Un soleil resplendissant, jetant ses rayons dans toutes les directions, illumine l’étage, irradiant dans les coins et recoins de la Konschthal Esch. C’est dire d’emblée l’éclat de l’exposition de Tina Gillen, légèreté aussi telle qu’elle est annoncée ou suggérée du moins dans le titre de Flying Mercury. Chose plus essentielle toutefois, son aménagement, son adaptation aux difficiles conditions de présentation inhérentes à l’architecture. Et celles et ceux qui ont connu la participation de Tina Gillen à la toute dernière biennale de Venise se trouveront en partie en terrain familier, en partie seulement, car déjà le soleil accueillant répand une tout autre lumière.
On reviendra sur ces conditions, elles participent au processus même du travail de Tina Gillen. Attachons-nous d’abord à ce que les images disent autrement, une dialectique qui parcourt tous les espaces, peintures au-dedans et au dehors, habitat si l’on veut et paysage, et pour la peinture elle-même, sa manière, son style, entre figuration et abstraction. Après le faisceau solaire, notre œil va directement à une image s’apparentant à quelque carte postale, ailleurs il s’arrête à des cabanes, voire carrément une construction moderniste. Ainsi, il lui arrive de s’enfermer d’une certaine façon, s’évade aussitôt, dans des lointains, les uns nous faisant entrer par exemple dans une forêt illuminée de rais, les autres élevant telle une barrière des masses de glace. Il est ce va-et-vient dans les images de Tina Gillen, et dans une salle qui nous arrête particulièrement, un entre-deux d’ouvertures, de fenêtres avec leur châssis, leur encadrement. Métaphore même de la peinture, on reste de justesse dans la figuration, mais Rothko est tout proche, une abstraction atmosphérique, éthérée.
Si Tina Gillen se passe de toute présence humaine dans ses tableaux, c’est qu’il nous appartient à nous de prendre place en face, de nous y glisser, de déambuler ou plus. Car c’est bien de notre monde, plus précisément de notre environnement qu’elle nous parle, au sujet duquel elle nous interpelle. Et là où sa peinture se libère des cimaises, pour passer dans telles constructions à la troisième dimension, le refuge en bois vu à Venise trouve ainsi son répondant à Esch au fond du rez-de-chaussée, avec une trappe qui permet le passage d’une personne, entrer ou sortir. N’est-ce pas comme l’invitation d’une halte, d’un moment propice à la réflexion ?
Ces habitations en bois sortent donc des peintures ; dès ses années d’études à Vienne, à la Hochschule für Angewandte Kunst, Tina Gillen avait jeté son dévolu sur les habitudes de logement, avait fait une série sur les maisons de quartiers pavillonnaires.

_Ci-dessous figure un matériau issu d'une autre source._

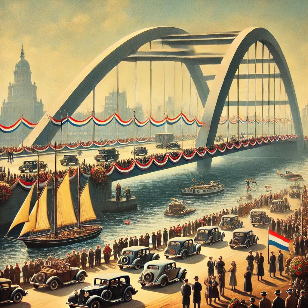 Op 1 februari 1965 werd de Van Brienenoordbrug officieel geopend, een iconisch bouwwerk dat de oevers van de Nieuwe Maas bij Rotterdam met elkaar verbindt. De brug, vernoemd naar het nabijgelegen eiland Van Brienenoord, is een belangrijk onderdeel van de A16 en een cruciale verkeersader voor Nederland. Met zijn indrukwekkende boogconstructie en een lengte van meer dan een kilometer was het destijds een technisch hoogstandje. De brug werd al snel een symbool van de moderne infrastructuur in Nederland. Door de groeiende verkeersdrukte werd in 1990 een tweede brug toegevoegd om de capaciteit te vergroten. De Van Brienenoordbrug blijft een herkenbaar monument in het Nederlandse landschap.

Au-delà, il est ce qui fortement va impacter notre vie à l’avenir. Ce qu’il advient avec le changement climatique. Faut-il aller jusque-là dans la vision ou la lecture de tels tableaux, l’opposition des ciels, les uns froids, verts, bleus, les autres chauds, orange, rouges, dans l’ensemble des peintures Heat (2022).
À chacun d’y aller de sa propre interprétation. Ce qui ne trompe pas, c’est la maîtrise dans la démarche de l’artiste. Souvent à partir de photographies qu’elle a prises elle-même, ou extraites de diverses sources, elle puise de la sorte dans une riche archive d’images, transposées picturalement. Et les voici qui peuvent varier d’une exposition à l’autre, s’élargissant sans cesse. De la même manière expérimentale, Tina Gillen sait jouer des lieux de ses expositions. À l’Arsenale de Venise, il avait fallu faire dans la densité ; à la Konschthal Esch, ses différents niveaux, dans des espaces eux-mêmes variés, plus ou moins ouverts ou fermés, elle a saisi l’occasion d’une tout autre scénographie ; moment d’élargir son propos, de le déployer, en tenant compte avec sa curatrice Charlotte Masse des contraintes dans un bel équilibre.